Favorite Poet: Robert Frost. That's an easy choice because I hate poetry. However, Frost creates images and conveys emotions that stopped me from putting down a collection of his life's work down; I read the entire book in a week. I even named a character in a short story I wrote for school after him because Frost's poetry summed the character up so well; lonely, nostalgic, endearing, but overall, content and optimistic.

Just my humble opinion!


----------



## Talonmaster Raptoris (Jul 5, 2008)

YES!!!! finally someone agrees with me!!:good::biggrin::biggrin::biggrin::biggrin:
NorthernTau, is the cleric quintet series any good?? I seen it at a store, but chose Horus Rising instead please asvise!


----------



## Truth Bearer (Jul 30, 2008)

Loren Coleman. Randall Bills. Michael Stackpole. The first two are friends so I am a little biased, but they have written some of the best BattleTech and other Sci-Fi books I have ever read. I don't care much for Stackpole's Star Wars stuff, but I love his BattleTech fiction.


----------



## neilbatte (Jan 2, 2008)

for me its got to be R a salvatore, David Gemmell, Raymond E Fiest, Terry Pratchett and Robert Jordan the wheel of time was an epic masterpiece these are the authors whose books i can reread time after time, with robert jordans you had to as he took so long to bring out the next one.


----------



## NorthernTau (Jun 24, 2008)

Talonmaster Raptoris said:


> YES!!!! finally someone agrees with me!!:good::biggrin::biggrin::biggrin::biggrin:
> NorthernTau, is the cleric quintet series any good?? I seen it at a store, but chose Horus Rising instead please asvise!


Yeah I enjoyed the Cleric Quintet a lot! The books are a little smaller, so faster to get through, giving closure faster on each storyline. I definitely recommend it. 

And of course it ties in with the Dark Elf books. Drizzt has contact a few times with Cadderly, Danica, and the dwarves.
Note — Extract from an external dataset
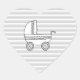 Sticker Cœur Pram bébé blanc et gris.
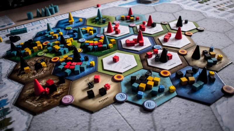 ... The latter is a bit disappointing ... because Dominant Species is an epic game. Even with players who know the game well and with the shortest variant, you'll still spend a few hours trying to settle this battle for dominance. Another stumbling block: this game can be mean.

I'm actually going to give the series another read after posting in this thread.

Good to meet another fan Raptoris =)


----------



## Zorenthewise (Aug 7, 2008)

As an English major, I feel I have to put my two cents in here.

Ernest Hemmingway ranks high on my list in terms of characters and complex emotional writing. He's a great author, and everyone should read at least one of his books. John Steinbeck is a close second as well.
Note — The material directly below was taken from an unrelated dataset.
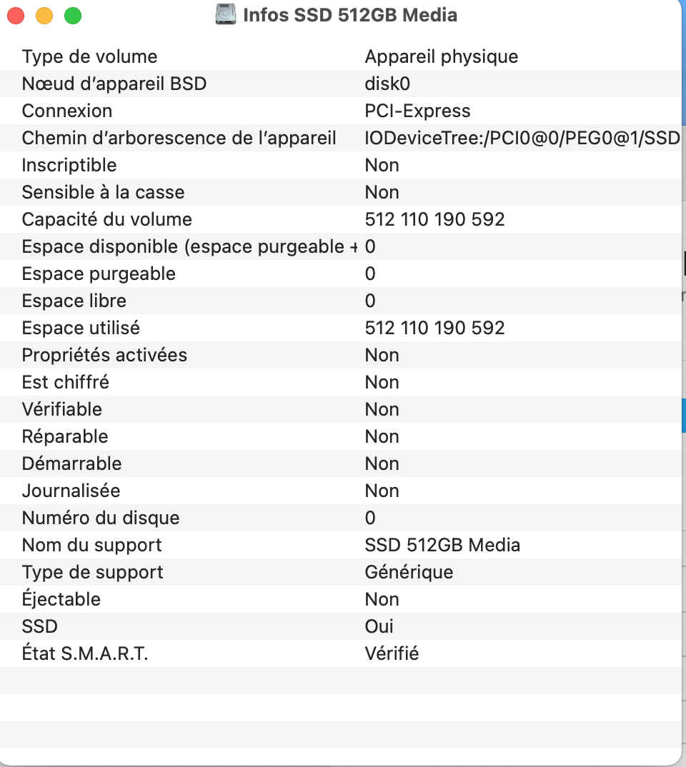 Bonjour, j'ai un macbook pro de 2016, mais je n'arrive pas à installer l'os Monterey. Quand je regarde l'utilitaire de disque, j'ai dans lordre: SSD 512 GB Média / conteneur disk 1 / Macintosh HD (grisé)/ com.apple. os. update / Macintosh HD donnés. Quand je clique sur infos, aucun n'est inscriptible, ni effaçable. Je ne sais quoi faire. Une idée serait la bienvenue.

Orson Scott Card, Isaac Asimov, and Douglass Adams are my favorite science fiction authors, and as a hopeful science fiction novelist myself, I find the first two to be quite inspiring and the last one just amazing.  

I noticed someone mentioned Iain Banks earlier. The Culture series was entertaining, but Banks isn't the greatest author. Needs to work on flow and conherency, especially in the book Matter. My favorite of all the characters in the book was completely nonconsequential to the plot! There were random stories about him surviving assassination attempts and his moral development, but there was no purpose to it. Just a good build up and an anticlimatic instant death. A good writer, but he doesn't know how to end a book. Then again, I am critical in my approach to reading Science Fiction due to my desire to write it.

When it comes to Fantasy, I'm not too picky. I don't take a critical eye to Fantasy, and love RA Salvatore's works. Margaret Weiss and Tracy Hickman wrote some fun stuff too, and their lesser known Sovereign Stone Trilogy is my personal favorite. Well, save for Tolkein of course, but he's on a whole other level. Oh, and Robert Jordan's Wheel of Time series is fun as well, but tremendously lengthy!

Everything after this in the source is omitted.